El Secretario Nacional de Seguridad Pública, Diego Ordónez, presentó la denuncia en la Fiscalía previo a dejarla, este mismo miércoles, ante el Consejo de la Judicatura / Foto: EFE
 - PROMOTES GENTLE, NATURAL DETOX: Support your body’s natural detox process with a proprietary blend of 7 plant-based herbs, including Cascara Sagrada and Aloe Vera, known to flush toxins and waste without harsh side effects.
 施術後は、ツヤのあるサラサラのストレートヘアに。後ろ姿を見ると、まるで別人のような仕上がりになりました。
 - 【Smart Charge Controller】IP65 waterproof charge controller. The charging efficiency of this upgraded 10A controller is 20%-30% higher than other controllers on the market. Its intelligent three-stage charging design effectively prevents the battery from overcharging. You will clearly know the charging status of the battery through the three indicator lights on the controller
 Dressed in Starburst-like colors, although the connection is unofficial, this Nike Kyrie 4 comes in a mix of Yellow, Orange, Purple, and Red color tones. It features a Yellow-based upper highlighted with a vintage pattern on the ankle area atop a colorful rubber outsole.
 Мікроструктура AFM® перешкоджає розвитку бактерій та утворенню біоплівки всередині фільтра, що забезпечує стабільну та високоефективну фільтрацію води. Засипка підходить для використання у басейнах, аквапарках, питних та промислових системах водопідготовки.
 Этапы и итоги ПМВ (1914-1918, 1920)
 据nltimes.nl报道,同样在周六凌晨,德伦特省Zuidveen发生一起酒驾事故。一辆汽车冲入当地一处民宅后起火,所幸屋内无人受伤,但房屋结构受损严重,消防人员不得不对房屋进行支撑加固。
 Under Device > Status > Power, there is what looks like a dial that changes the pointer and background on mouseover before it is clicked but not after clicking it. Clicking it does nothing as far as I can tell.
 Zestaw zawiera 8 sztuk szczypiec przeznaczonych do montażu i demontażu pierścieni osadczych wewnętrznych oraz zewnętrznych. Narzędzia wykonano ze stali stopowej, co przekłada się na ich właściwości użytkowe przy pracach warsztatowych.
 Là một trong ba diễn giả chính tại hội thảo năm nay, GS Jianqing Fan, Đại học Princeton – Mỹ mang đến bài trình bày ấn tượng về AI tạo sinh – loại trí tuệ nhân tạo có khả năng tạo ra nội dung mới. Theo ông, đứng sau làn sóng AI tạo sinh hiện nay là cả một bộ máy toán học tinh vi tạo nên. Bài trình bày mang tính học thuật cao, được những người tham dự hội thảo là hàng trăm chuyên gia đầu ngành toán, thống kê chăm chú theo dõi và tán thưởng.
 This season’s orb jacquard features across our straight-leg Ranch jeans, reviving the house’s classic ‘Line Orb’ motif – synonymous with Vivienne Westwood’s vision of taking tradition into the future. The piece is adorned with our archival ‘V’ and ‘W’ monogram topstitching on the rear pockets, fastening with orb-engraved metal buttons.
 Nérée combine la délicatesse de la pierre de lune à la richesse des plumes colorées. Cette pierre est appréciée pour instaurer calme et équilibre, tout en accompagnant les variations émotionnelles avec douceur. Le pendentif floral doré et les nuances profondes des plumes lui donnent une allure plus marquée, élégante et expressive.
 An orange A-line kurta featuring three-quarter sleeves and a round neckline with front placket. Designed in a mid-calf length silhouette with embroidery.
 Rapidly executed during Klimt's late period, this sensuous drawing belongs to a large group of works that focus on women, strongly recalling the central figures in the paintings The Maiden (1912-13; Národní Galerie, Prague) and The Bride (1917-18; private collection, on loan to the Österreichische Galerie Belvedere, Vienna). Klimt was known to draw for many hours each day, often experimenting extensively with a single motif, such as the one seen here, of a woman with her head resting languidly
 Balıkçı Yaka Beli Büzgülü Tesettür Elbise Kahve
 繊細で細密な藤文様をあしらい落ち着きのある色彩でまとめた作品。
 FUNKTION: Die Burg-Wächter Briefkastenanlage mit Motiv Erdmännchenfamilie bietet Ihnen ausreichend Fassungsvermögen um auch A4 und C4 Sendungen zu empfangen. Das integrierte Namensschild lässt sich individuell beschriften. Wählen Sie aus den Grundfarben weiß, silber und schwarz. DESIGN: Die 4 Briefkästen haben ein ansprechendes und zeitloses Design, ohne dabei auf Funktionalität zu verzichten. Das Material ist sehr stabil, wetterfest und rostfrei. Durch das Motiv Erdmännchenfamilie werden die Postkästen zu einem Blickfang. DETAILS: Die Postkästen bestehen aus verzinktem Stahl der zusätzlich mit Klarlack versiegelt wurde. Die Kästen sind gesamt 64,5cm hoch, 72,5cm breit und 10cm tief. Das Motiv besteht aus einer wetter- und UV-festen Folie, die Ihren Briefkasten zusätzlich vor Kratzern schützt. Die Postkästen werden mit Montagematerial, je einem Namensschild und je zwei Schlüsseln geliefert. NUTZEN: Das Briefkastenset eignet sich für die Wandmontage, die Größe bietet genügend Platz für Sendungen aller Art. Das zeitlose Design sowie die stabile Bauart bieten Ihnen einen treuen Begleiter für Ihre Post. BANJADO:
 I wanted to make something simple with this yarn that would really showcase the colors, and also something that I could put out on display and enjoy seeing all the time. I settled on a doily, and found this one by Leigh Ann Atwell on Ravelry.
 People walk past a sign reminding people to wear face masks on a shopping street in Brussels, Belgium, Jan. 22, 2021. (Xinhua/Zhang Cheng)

* * *

TASK DETAILS: Among the entries above, the line containing "Мікроструктура AFM® перешкоджає", the line containing "Zestaw zawiera 8", and all lines between them are to be restated word for word; nothing else belongs in the reply.

RESPONSE FOR THIS EXERCISE:
 Мікроструктура AFM® перешкоджає розвитку бактерій та утворенню біоплівки всередині фільтра, що забезпечує стабільну та високоефективну фільтрацію води. Засипка підходить для використання у басейнах, аквапарках, питних та промислових системах водопідготовки.
 Этапы и итоги ПМВ (1914-1918, 1920)
 据nltimes.nl报道,同样在周六凌晨,德伦特省Zuidveen发生一起酒驾事故。一辆汽车冲入当地一处民宅后起火,所幸屋内无人受伤,但房屋结构受损严重,消防人员不得不对房屋进行支撑加固。
 Under Device > Status > Power, there is what looks like a dial that changes the pointer and background on mouseover before it is clicked but not after clicking it. Clicking it does nothing as far as I can tell.
 Zestaw zawiera 8 sztuk szczypiec przeznaczonych do montażu i demontażu pierścieni osadczych wewnętrznych oraz zewnętrznych. Narzędzia wykonano ze stali stopowej, co przekłada się na ich właściwości użytkowe przy pracach warsztatowych.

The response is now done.